Welcome to the onboarding section of the documentation. This section will guide you through the fundamentals of the Catalyst CI process and introduce you to the various tools and processes that we use.

Overview

Note

This section will discuss concepts related to Earthly. If you are not familiar with Earthly, please head over to the appendix to learn more about it before continuing.

The CI process works through a discovery mechanism that identifies Earthfiles in a repository and filters them by target. During every run, the CI will automatically discover and execute a select number of reserved targets. Each of these targets serves a single purpose, and together they are responsible for executing the entire release process.

The CI process is designed to be modular and reusable across various different requirements. By default, if a specific target is not found in the discovery phase, it simply passes and moves on to the next one. This allows slowly building out a repository and only implementing the targets that make sense at that time.

The discovery and execution nature of the CI allows developers to contractually define the outputs of the particular subproject they happen to be working within. For example, a developer can introduce a new Earthfile into the service-a subdirectory of a mono-repo and begin using the reserved target names to interact with the CI. This promotes self-service and establishes a clear boundary of ownership, whereby developers only need to be concerned about maintaining a single file in their subproject.

The CI process is well-documented, and troubleshooting unexpected errors only requires knowledge of Earthly and GitHub Actions. All the code is contained in a single open-source repository and contributions are welcome. The remainder of the overview section will focus on discussing some of these concepts in more detail.

Discovery

The discovery process serves as a critical piece in the overall CI strategy. It enables a declarative approach whereby developers can declare the deliverables of their particular subproject and rely on the CI process to reconcile them. This reduces the friction of onboarding while simultaneously establishing a separation of concerns in a complex mono-repo environment.

During a single run, the CI will go through multiple phases of discovery. In each of these discovery phases, a custom CLI provided by the catalyst-ci repository is executed. The CLI is responsible for recursively scanning the repository for Earthfiles and filtering them by target. The CLI will return a list of Earthfile path and a map where the key is the Earthfile path and the value is a list of filtered targets. For example, in the check phase of the CI, check and check-* will be executed. The wildcard * serves as a regular search term, representing one or more other characters. The output of the check phase may look like the following: Map:

{
  "/home/work/test": ["check-test1", "check-test2", "check-test3", "check-test-test4"],
  "/home/work/test2": ["check"]
}

Path:

["/home/work/test", "home/work/test2"]

This list of path is fed into a matrix job that multiplexes executing the filtered targets from each of the discovered Earthfiles. The filtered targets will be retrieved from the map according to which Earthfile is currently running. For example, from the above example, running /home/work/test will run the targets check-test1, check-test2, check-test3 and check-test-test4.

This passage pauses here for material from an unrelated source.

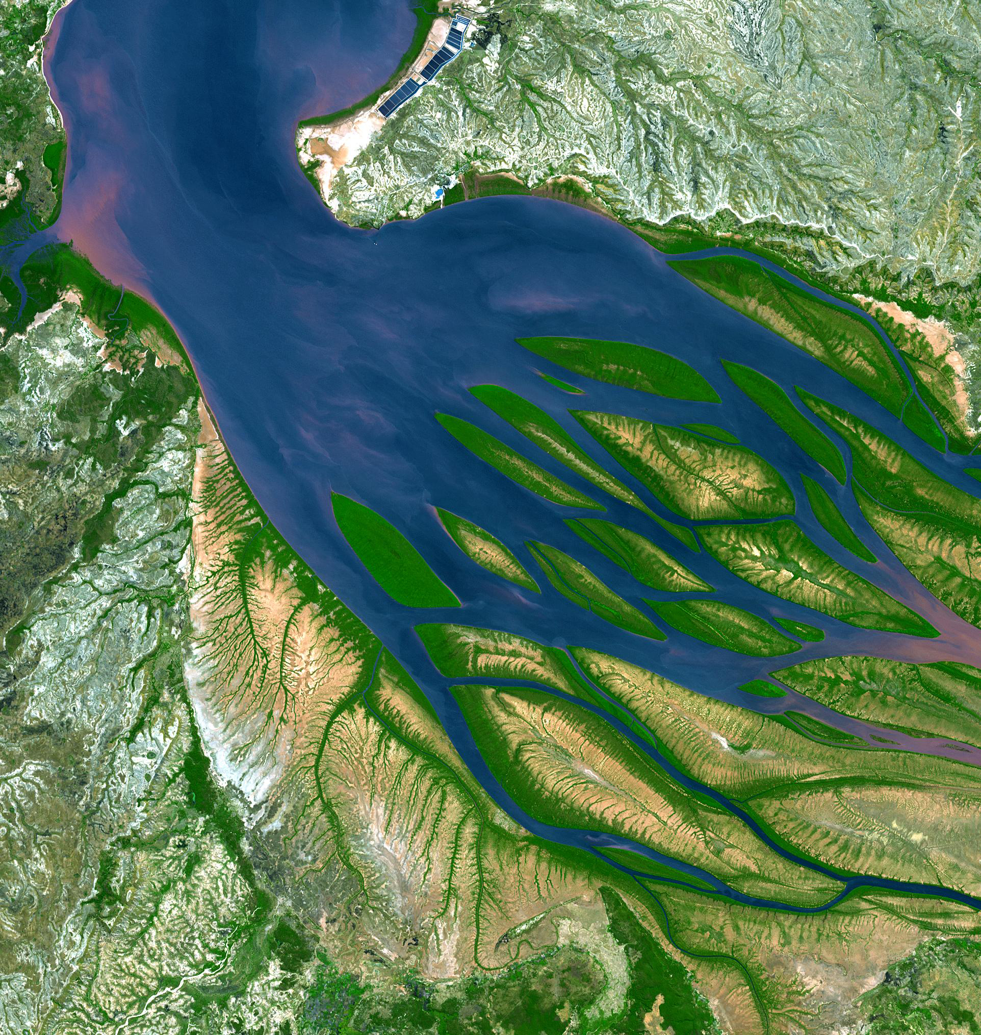 Simulated natural-color satellite image of Bombetoka Bay, Madagascar. In the image, water is sapphire and tinged with pink where sediment is particularly thick. Dense vegetation is deep green. The rectangular blue areas near the top center edge may be shrimp pens. The image covers an area of 29 x 30.4 km, is located near 15.9 degrees south latitude, 46.4 degrees east longitude.

Executing each discovered Earthfile in parallel will maximize network throughput and create a more easily digestible view of the CI status. For example, by doing this, every individual Earthfile gets its own dedicated job and logs. This can be easily seen from the GitHub Actions UI.

Execution

After each discovery phase, a list of targets will be executed by the CI. Execution is handled by Earthly and usually occurs on a remote Earthly runner that maximizes the benefits of caching. The exact steps that are executed by the target are defined by the developer. While most targets generally have a clearly defined scope, the goal is to enable adaptability by offloading the logic to the developer who is more aware of their immediate context.

Some targets have additional processing beyond simply executing the target and returning. For example, the publish target is expected to produce a single container image that is then further processed by the CI system. The image will go through static analysis and ultimately get published to multiple image registries depending on the context. The exact targets that are available, as well as their scope and function, can be explored more in the reference documentation.

Pipeline

flowchart LR
    A[Check] --> B[Build] --> C[Package] --> D[Test]
    D --> E[Release]
    D --> F[Publish]
    D --> G[Docs]

The full CI process consists of combining the discovery and execution mechanisms into a complete pipeline, as shown above. Each of the boxes represent a distinct stage which consists of discovering and then executing a target. As previously mentioned, some stages, like the release, publish, and docs stages, have additional logic that occurs after executing the target.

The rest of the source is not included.